Clinical researchers in the Netherlands developed a method of superimposing an animated cartoon on a pattern stimulus. The cartoon, La Linea, depicts a single-line, talking figure with music in the background. This minimalist cartoon is optimized to minimize interference with the pattern stimulus. Although tested in adults, the study recorded gaze movements across fixation to saccades. Findings showed that, in pattern VEP, the P100 amplitude and peak time were reduced with the cartoon present compared to a standard fixation-point test. While the reduction was statistically significant, it remained within clinically acceptable limits, suggesting the cartoon superimposed on the pattern stimulus can be suitable for testing young subjects.

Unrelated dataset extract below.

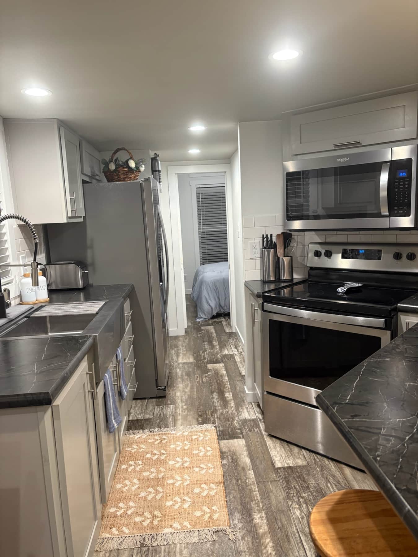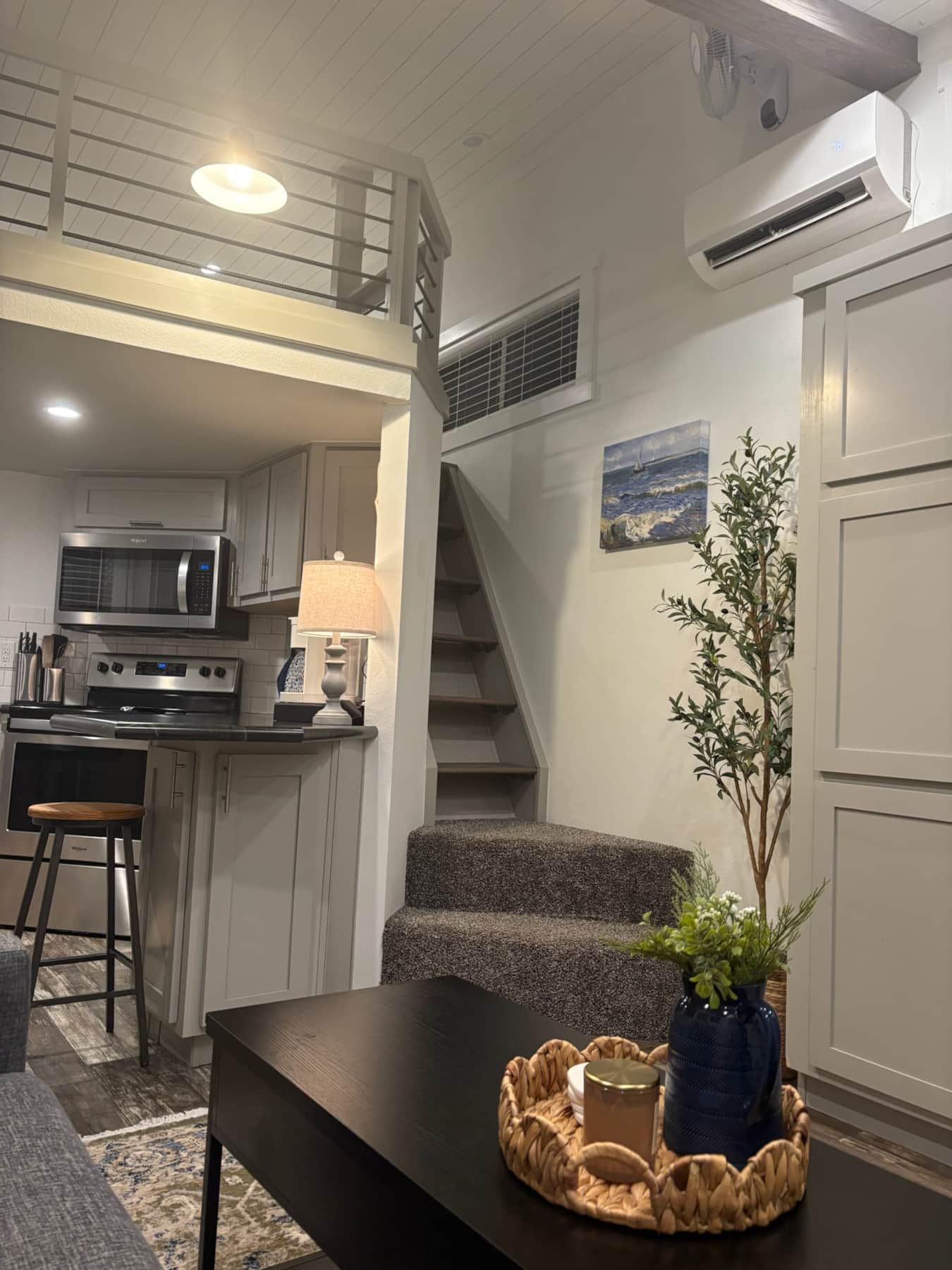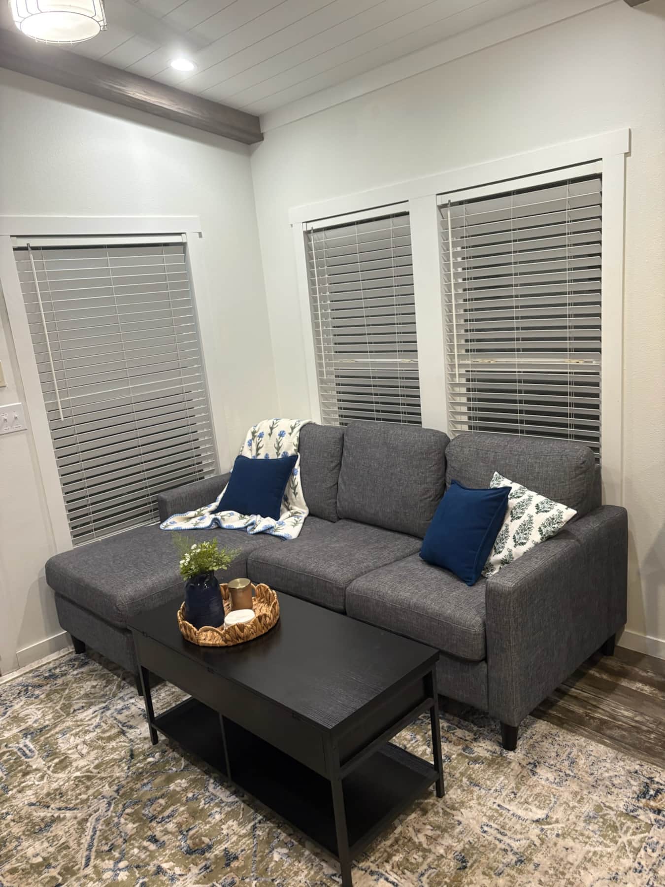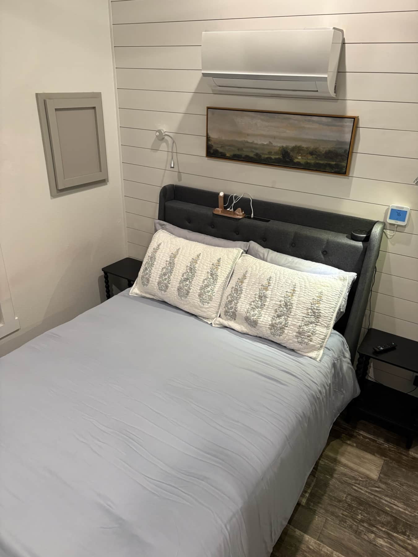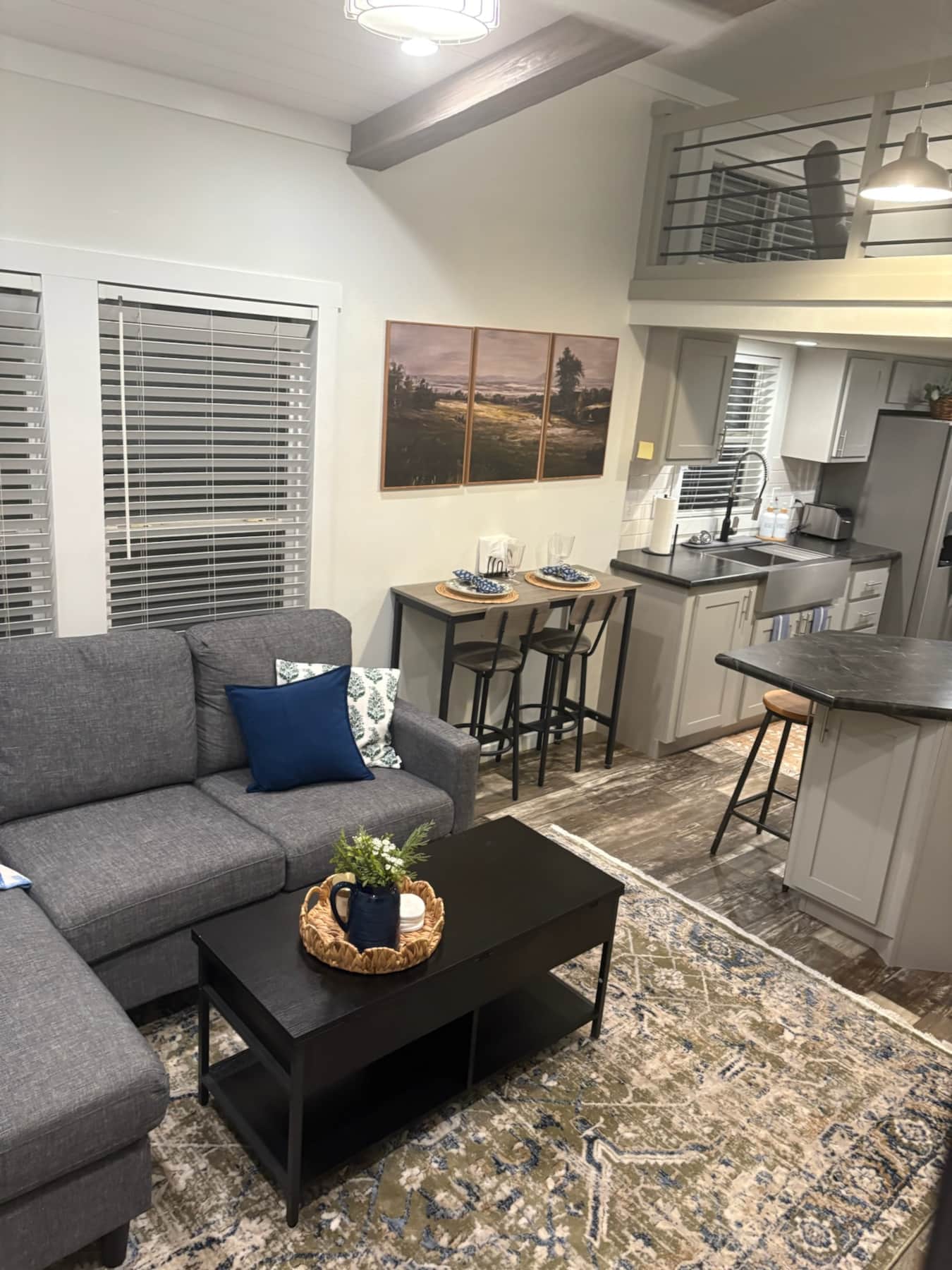 There is a private bedroom with a full-sized bed and a 42" flat-screen TV, 2 twin beds in the loft area (with a third available), a well-stocked kitchen, living room with a 60" flat-screen TV and cozy couch, high-speed Wi-Fi inside and on the patio, chickens in the side yard, books and board games, extra blankets, and plenty of little luxuries to make sure you have a peaceful, comfortable stay.
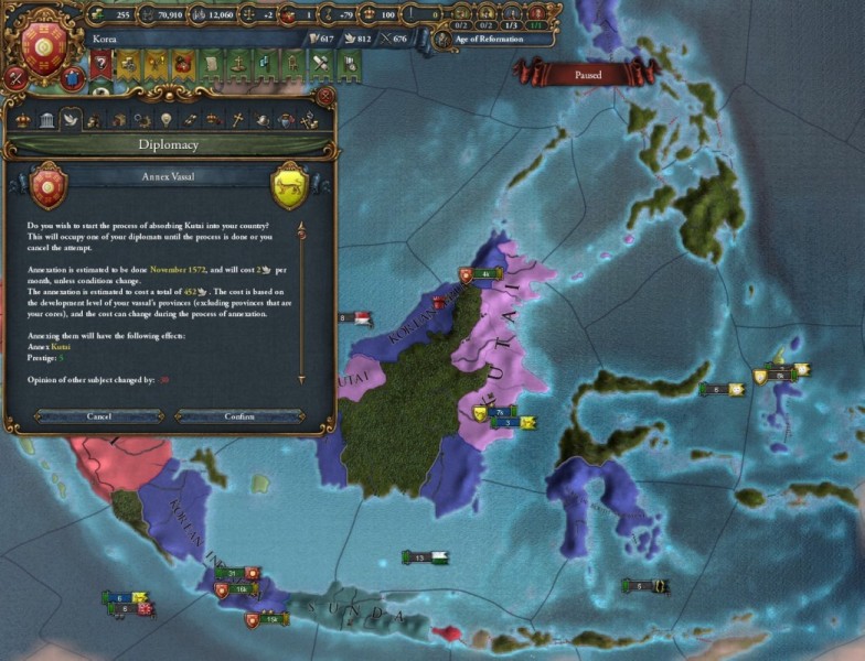 朝鮮は西岸の豊かな2州と457Dの賠償金を得るとともに、ブルネイに滅ぼされていたクタイ王国を復活させ、将来の東部侵攻への足掛かりを築きました。

Pattern VEPs for gene therapy monitoring in young children

The ophthalmology field views FDA approval of Luxturna in 2017 and EMA approval in 2018 as landmark milestones for retinal gene therapy. Diagnostic methods that supported Luxturna’s drug trials included full-field stimulus testing (FST) and multiluminance mobility tests (MLMT). However, both require patient participation, presenting challenges with young children. Pattern VEPs offer minimal cooperation and provide objective measures of the visual cortex. This method was evaluated as an alternative to FST and MLMT for managing young children treated with Luxturna. A retrospective study of 27 eyes in Luxturna-treated children from 2020 to 2023, conducted by researchers affiliated with Great Ormond Street Hospital, University College London, and The Tony Kriss Visual Electrophysiology Unit, reported that pattern VEPs were reproducible and showed increased amplitude after treatment.

An industry committed to advancing pediatric ophthalmology

Children who are too young to communicate their visual health are particularly vulnerable. Visual electrophysiology offers objective modalities adapted for young children. Modern protocols do not require anesthesia or mydriasis. Clinicians have demonstrated the practicality of these protocols in diagnosing and managing very young patients. Ongoing visual electrophysiology studies focused on infants and young children continue to be published, contributing to the knowledge base. The visual electrophysiology community remains dedicated to advancing pediatric ophthalmology.